Lancaster City Council on Dec. 17 approved the city's 2025 operating budget, voted to raise the city's earned-income tax (EIT) from 0.6% to 1.1%, and adopted several ordinances reallocating American Rescue Plan Act (ARPA) funds for city projects and housing programs.
The council's actions included passage of the administration's budget ordinance for 2025, a separate ordinance keeping the 2025 property tax millage unchanged, an ordinance increasing the EIT, and a set of ARPA appropriations that redirect previously awarded but unspent federal funds back into local programs such as a critical home-repair program and park improvements.
The decisions cap a meeting that featured extended public comment and several residents urging council to include tax-exemption or rebate mechanisms for low-income households before adopting Home Rule-era tax changes. Speakers also raised maintenance and safety concerns for bike lanes and city parks.
Council adopted the 2025 budget after public remarks from residents and advocates who asked for exemptions or rebates for low‑income residents and questioned administrative readiness to implement relief programs tied to the new Home Rule authority. Resident Tony Dastra pressed for exemptions and a rebate mechanism tied to municipal services; Arthur Morris and other residents questioned the timing and scale of the EIT increase and offered revenue projections that they said staff should review.
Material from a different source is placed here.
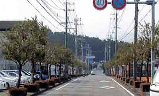 踏切を渡り、九州グンゼ工場方面は、クロガネモチの並木が続いていました。

Mayor Saraki said the additional EIT revenue is intended in part to shore up the city's reserve ratio for bond-rating considerations: "our general reserve fund, which is currently, I believe, 14.7 percent, and we're trying to get it closer to 20," she said during the meeting.
Public commenters and several council members asked staff for follow-up analysis on implementation costs, the county tax-collection bureau's willingness to process Home Rule changes, and whether exemptions or rebate programs could be administered without burdening city staff.